Opinión

Flexibilidad y esclerosis

El rey durante el discurso de Navidad. (Casa Real)

En un corte de la entrevista de Pérez-Reverte en «El hormiguero» al que ya me referí en un artículo anterior, el conocido escritor se declaraba republicano por varios motivos, y entre ellos señalaba su bagaje cultural y su ilustración, o sea, su acopio de información y cultura mayormente a través de los libros. Pero al mismo tiempo exponía un argumento para defender la monarquía que a mí me pareció bastante flojo. Digamos de antemano que considero la monarquía en cualquier país desarrollado un vestigio poco justificado que une primitivismo (el primitivismo de la fuerza) e irracionalidad (la irracionalidad que supone dotar de un origen divino a la jerarquía política que se quiere imponer).

Venía a decir Pérez-Reverte que para ser presidente de una república los candidatos deben poseer una serie de cualidades muy meritorias y casi excelsas. Y acto seguido, quizás llevado de un pesimismo poco justificado, ponía en duda que entre los muchos millones de ciudadanos españoles pudiera encontrarse uno solo que reuniese esas cualidades.

Lo absurdo del argumento es que daba por sentado que esas cualidades se encontrarían de forma segura e infalible en el candidato único que provee la línea sucesoria de una monarquía.

Suena raro que entre tantos millones de españoles sea imposible encontrar unas cualidades técnicas y/o cívicas que sin embargo sí se encontrarán de forma automática y asegurada en el heredero al trono, fruto de la carambola.

Además de que el error republicano en la elección de un mal presidente puede corregirse fácilmente con el cambio y la sustitución, mientras que el error monárquico es vitalicio. Allá te las apañes.

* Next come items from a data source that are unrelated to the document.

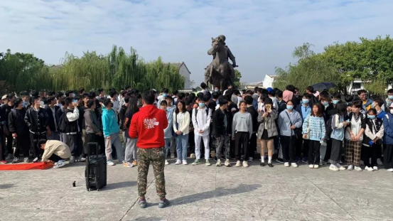 师生们在冯子材故居前合影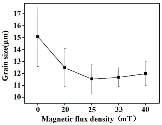 Based on these phenomena, the AMF influences the grain growth process through the variation of the temperature and solute fields, which transforms the morphology of the solidification structure. The magnitude of the magnetic flux density also has a significant influence on the grain growth where an increased magnetic flux density enhances the electromagnetic force present in the melt and produces a more intense convection therein. Therefore, the effects of the AMF on grain refinement and dispersed distribution are more significant. According to the electromagnetism theory, when a current J is supplied on a metal with a resistivity ρ, it will generate a heat Q [34].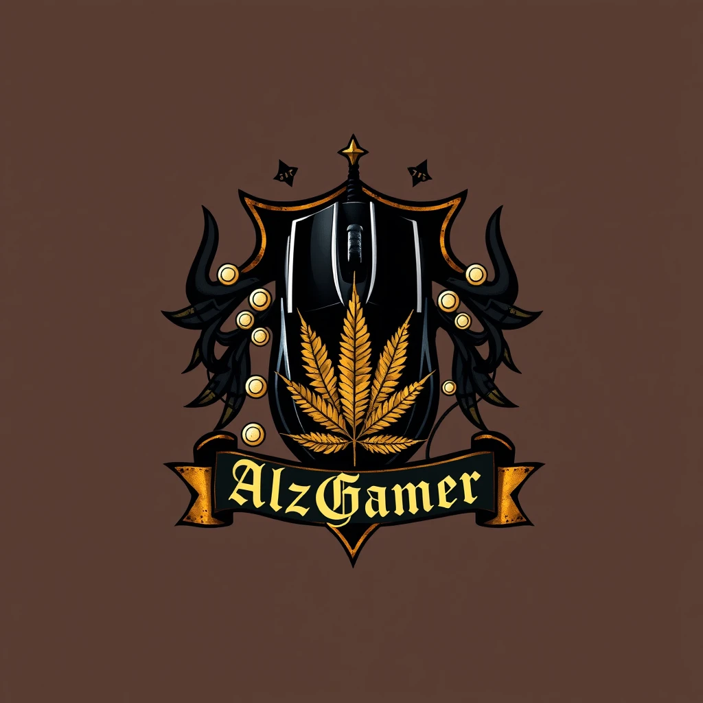 Stylish minimalistic logo, medieval heraldic (no crowns), inncludes computer mouse and lots of pills and label "AlzGamer" and marijuana leaf, oil painting, black and gold colours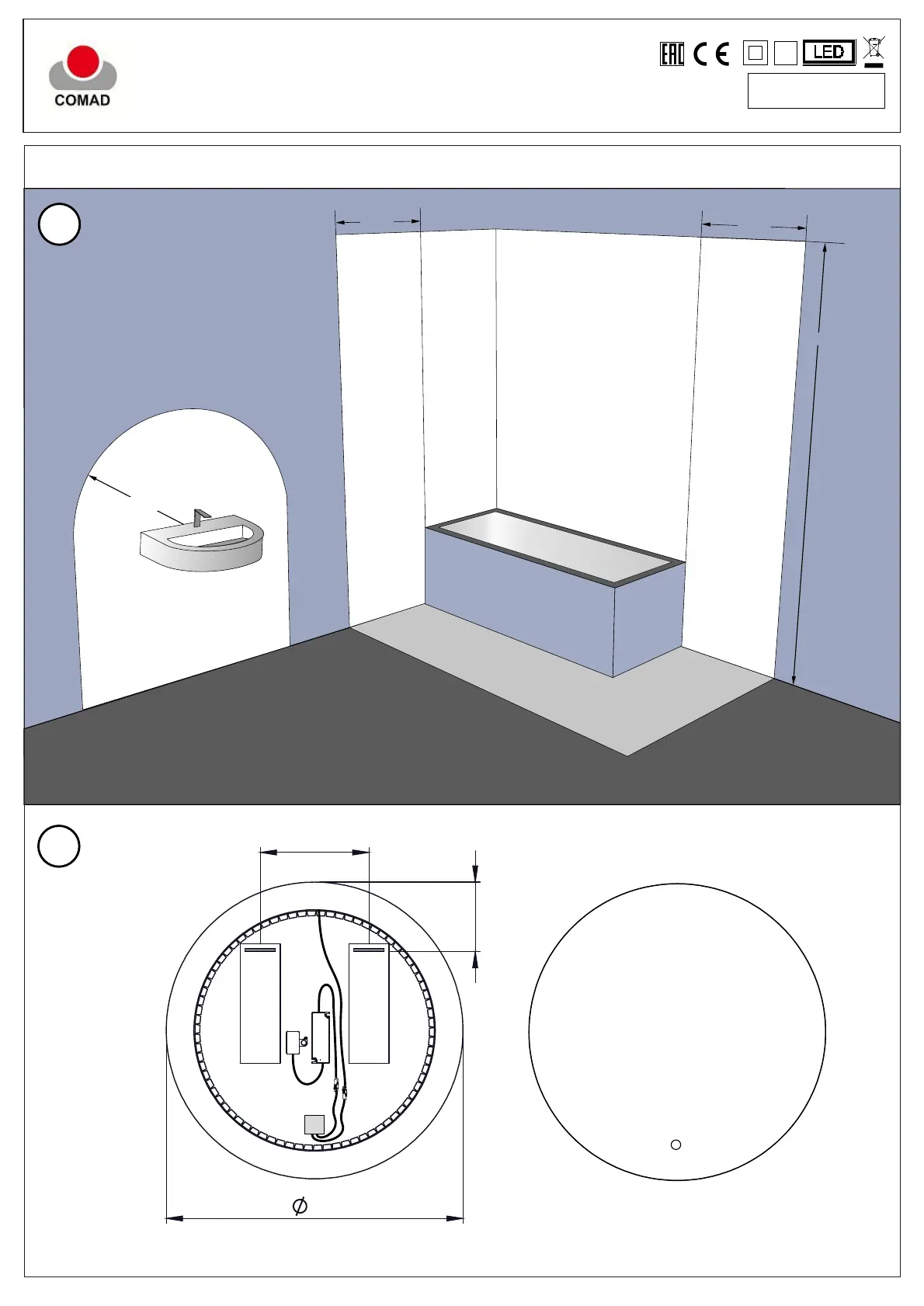 Montować tylko po za strefą 0,1 i 2 | Install only outside zone 0,1 and 2 | Nur außerhalb der Zone 0,1 und 2 . installieren
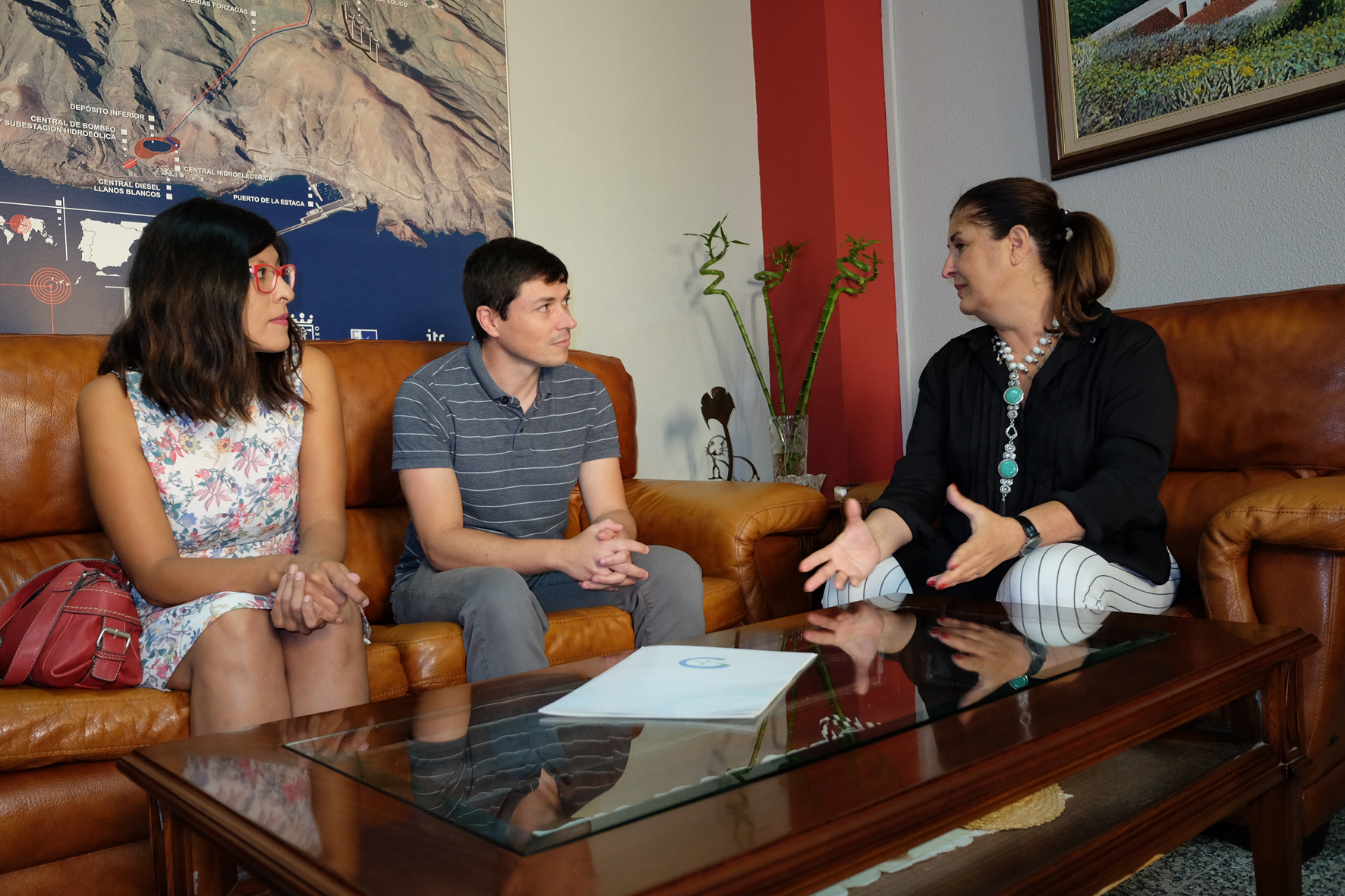 La presidenta de Gorona del Viento y el Cabildo herreño, Belén Allende, recibió a dos de los estudiantes que en estos días terminan su periodo de formación práctica en la Central Hidroeólica, con la intención de felicitarles por la buena evolución que han hecho constar en la empresa, así como para ponerse a disposición de los estudiantes “en todas aquellas cuestiones consideren que son mejorables de cara a seguir trabajando por esta línea porque, sincera y realmente, tenemos una firme intención de seguir acercándonos al campo de la formación y que esta interacción tenga beneficios reales, palpables y motivadores en el devenir de los alumnos”, explicó Allende.

El sistema monárquico conlleva una rigidez bastante absurda que no se ajusta a nuestra realidad moderna. Si a un presidente de la república se le descubre autor de delitos o beneficiario de actos corruptos, se le encausa. Sin embargo, si esto mismo ocurre con el monarca, existe la obligación servil e inmoral de mirar para otro lado, se le proporciona un título de rey emérito, y los ciudadanos tienen que correr con muchos de los gastos de su vida lujosa, aunque el citado emérito haya robado a manos llenas.

No puede descartarse que esa rigidez monárquica tan irracional se haya trasladado por contagio nocivo a nuestra forma de interpretar la vigencia y utilidad de nuestra Constitución, que por transposición algunos consideran no ya intocable sino de origen divino. Algo así como las tablas de la Ley descendidas sobre el monte Sinaí en medio de truenos y relámpagos.

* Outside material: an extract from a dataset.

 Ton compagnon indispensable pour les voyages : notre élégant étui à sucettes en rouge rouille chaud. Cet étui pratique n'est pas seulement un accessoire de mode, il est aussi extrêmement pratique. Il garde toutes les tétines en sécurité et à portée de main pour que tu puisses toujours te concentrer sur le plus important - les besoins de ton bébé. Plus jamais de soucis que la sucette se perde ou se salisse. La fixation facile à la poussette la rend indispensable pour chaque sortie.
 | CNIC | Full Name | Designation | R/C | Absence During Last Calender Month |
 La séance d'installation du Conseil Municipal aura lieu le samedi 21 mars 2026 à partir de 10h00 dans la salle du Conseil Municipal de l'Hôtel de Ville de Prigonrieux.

Ya dijimos en otro momento que por esta vía la racionalidad política se contamina de ferocidad teológica.

«El discurso de Felipe VI, que este año ha querido abordar no lo cotidiano sino lo esencial…», se leía en la prensa en un intento de interpretación del discurso navideño de Felipe VI, y lo comentábamos en un artículo anterior. Digamos algo más al respecto.

Lo cotidiano y lo esencial. Lo cotidiano, de escasa importancia, y lo esencial, trascendental. España y los españoles. Y España incluso como realidad trascendente que podría incluso existir sin españoles cotidianos. Una entelequia. Porque, además, de la calidad de lo cotidiano deriva la calidad de lo esencial. O sea, el contenido, los españoles y sus circunstancias, son los que definen y dan forma a esa entelequia, la patria. O, dicho de otra forma: lo cotidiano y los españoles que viven esa cotidianidad es lo verdaderamente real.

Y en lo cotidiano que se debe mencionar en un discurso navideño por un dirigente responsable (sea presidente de la república o monarca) están realidades tristes que no se deben omitir ni silenciar, como estas:

«España presenta los peores datos de pobreza infantil de la Unión Europea» (Cadena Ser 6-12-2023).

«España presenta la tasa de pobreza infantil más alta, con un 27,8%, según un informe publicado por Unicef» (Público 6-12-2023).

«España cierra 2023 como el país de la UE con más expedientes por infracciones medioambientales abiertos” (El País).

Hacer que esas realidades sociales y cotidianas tan tristes y deprimentes no sean posibles es lo que da prestigio a una nación y conserva el buen nombre de España.

Y por qué no mencionar en un discurso navideño también realidades como esta otra, que tanto colaboran a ensombrecer el nombre de España y a demoler el prestigio y la credibilidad de nuestra Constitución:

«Los jueces han desmontado todas las causas contra la formación morada, pero los falsos acusadores siguen impunes» («Persecución a Podemos», El País, en editorial de 16 de diciembre).

Es evidente que, con este tipo de prácticas totalitarias, una democracia y una Constitución no pueden tener buen nombre ni aspirar a un alto prestigio.